Menurut warga sekitar, nama Wadu Nocu diambil dari bahasa Dompu yakni batu lesung. Penamaan itu ditandai dengan bentuknya yang menyerupai lesung ukuran besar. Selain itu, batu ini dipercaya sebagai tempat orang zaman dahulu menumbuk padi.
"Kami menamainya Wadu Nocu, yang berarti batu lesung. Nama ini bukan baru-baru ini tapi sudah ada sejak zaman jauh sebelum kami ada," kata ketua Pokdarwis Desa Saneo, Ilyas pada detikBali, Sabtu (26/8/2022).
Ilyas mengatakan, batu lesung berjumlah 3 buah dengan posisi sejajar dan berdekatan sekitar 5 meter dari satu ke lainnya. Namun kondisinya, dua batu masih utuh dan satu batu lainnya telah pecah.

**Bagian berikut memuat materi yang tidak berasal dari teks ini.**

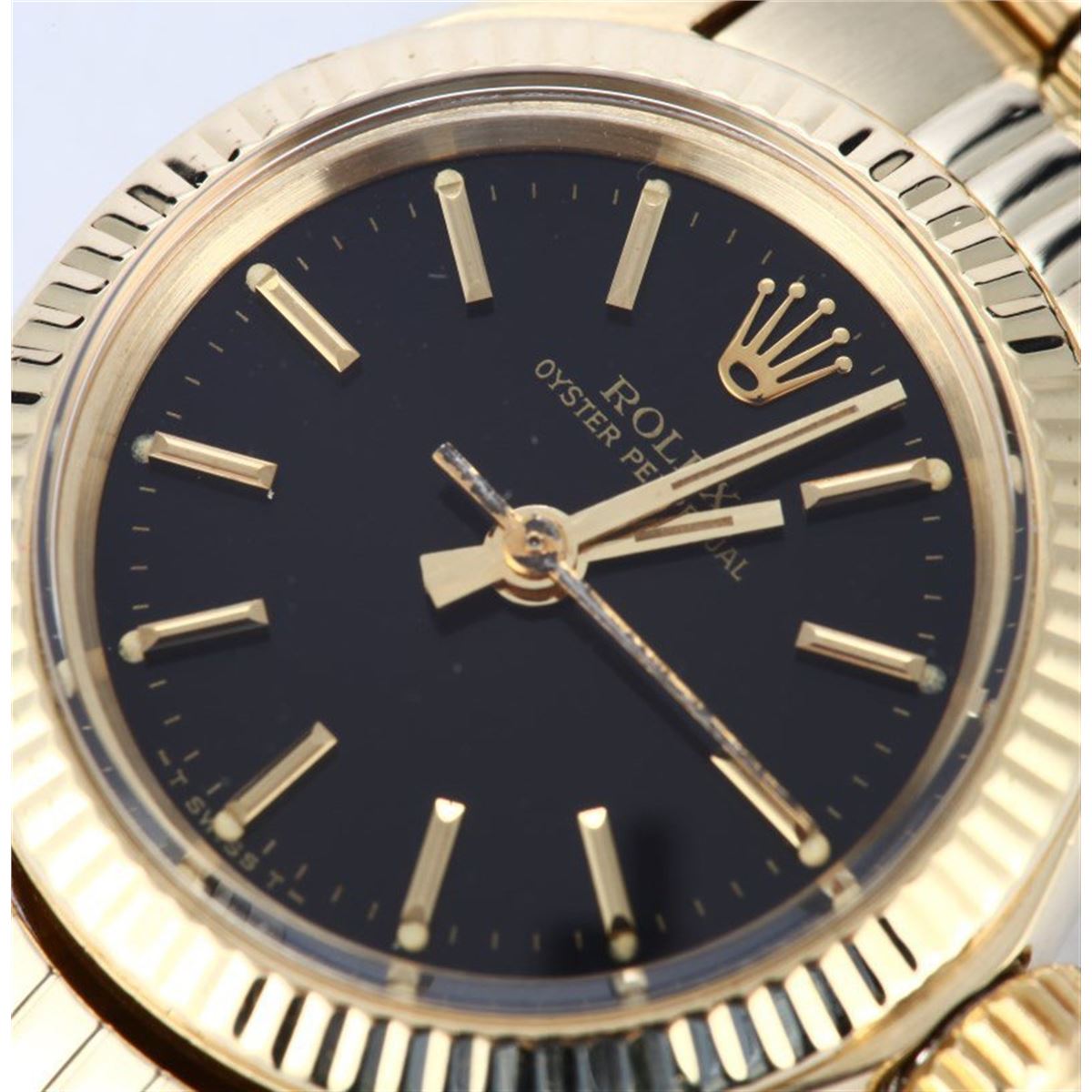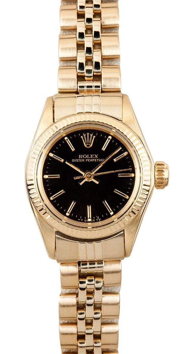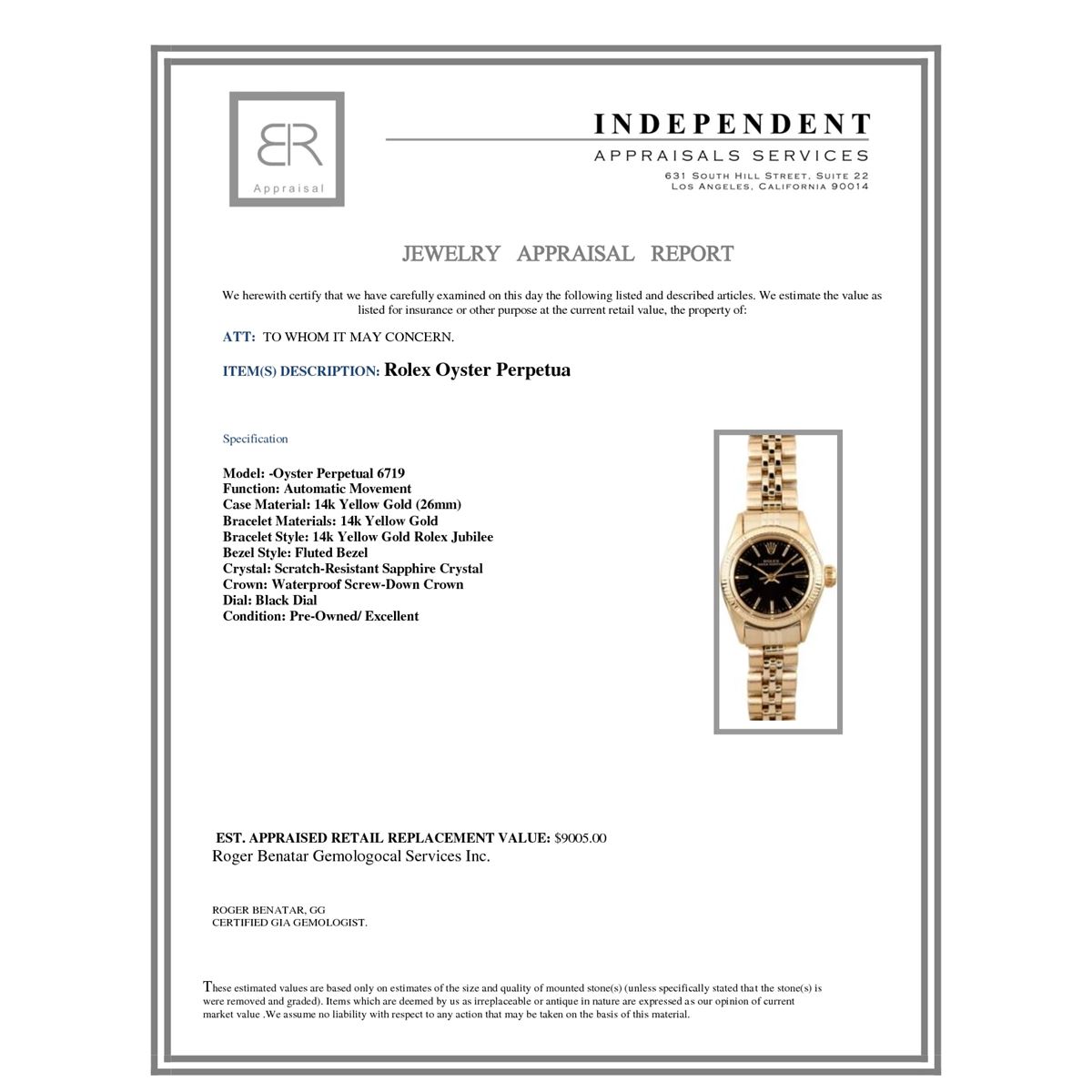 Model/Style-Oyster Perpetual 6719 Serial/Year-Random Features-Automatic movement, acrylic crystal, waterproof screw-down crown Case-14k yellow gold (26mm) w/ fluted bezel Bracelet-14k yellow gold Rolex Jubilee #9174
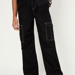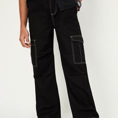 Experience comfort and style for your kid with these solid cargo jeans. They feature belt loops, a button-zip closure, and multiple pockets, including functional cargo pockets. These jeans offer a relaxed and contemporary look, perfect for everyday wear with added practicality.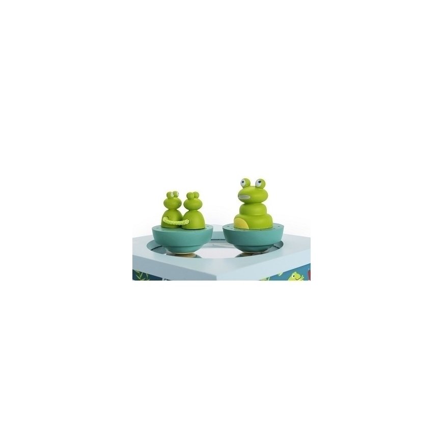 TROUSSELIER - Frog & Babies - Dancing Music Box - Ideal Birth Gift - 2 Removable Figures - Easy to use - Sound of Silence Music by Simon & Garfunkel - Blue Colori.
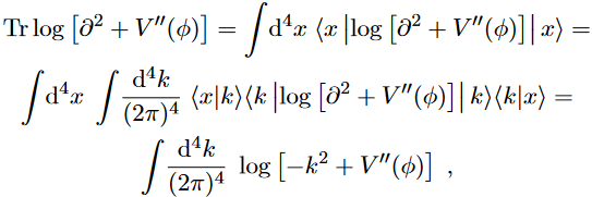 It is clear that in general it is not possible to obtain a closed form for the eigenvalues of the operator in eq. (85). We need to introduce some simplifications: the configurations we will study will be the ones for which φ is independent of x. In this case, V′′(φ) becomes a constant related to a mass, μ(φ)2. The operator ∂2+V′′(φ) becomes translationally invariant and is easily evaluable going to momentum space. After obtaining thee igenvalues of the operator, we have to calculate the logarithm and sum over for trace. Therefore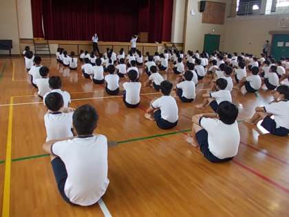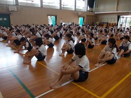 体育館では組体操の要素を生かした表現運動の練習をします。みんな,気持ちを整え,練習に挑んでいます♪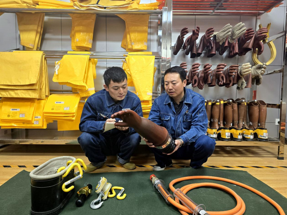 ▲甘肃陇南西和县供电公司配网不停电作业班班长杜瑜向青年员工杜寅讲解安全工器具检查保养知识。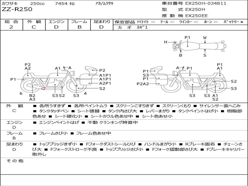 | Номер рамы / VIN | EX250H-034811 |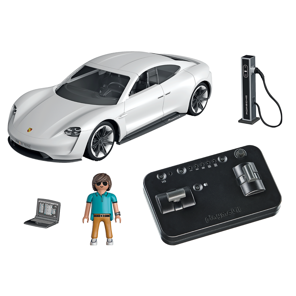 Setul de joc include un Porsche Mission E, o figurina PLAYMOBIL, o telecomanda RC si alte elemente interesante pentru actiuni de curse cu ritm rapid.

"Ada tiga batu lesung, cuma satu sudah pecah. Menurut cerita rakyat, tiga batu ini masing-masing milik Dompu, Sumbawa dan Bima. Kalau yang pecah ini milik Sumbawa, yang tengah milik Dompu dan yang telah diselimuti oleh pohon beringin itu adalah milik Bima," jelas Ilyas.
Keberadaan batu lesung ini belum dilakukan penelitian oleh pemerintah baik dari Kabupaten Dompu maupun Balai Arkeolog Bali. Sehingga tidak diketahui pasti berapa usai batu yang berbentuk lesung tersebut dan bagaimana proses pembuatannya.
"Batu ini sudah ada sejak zaman Ncuhi, zaman sebelum Kerajaan Dompu. Batu ini digunakan untuk menumbuk padi orang-orang jaman dulu," kata salah seorang warga Arsyad (63).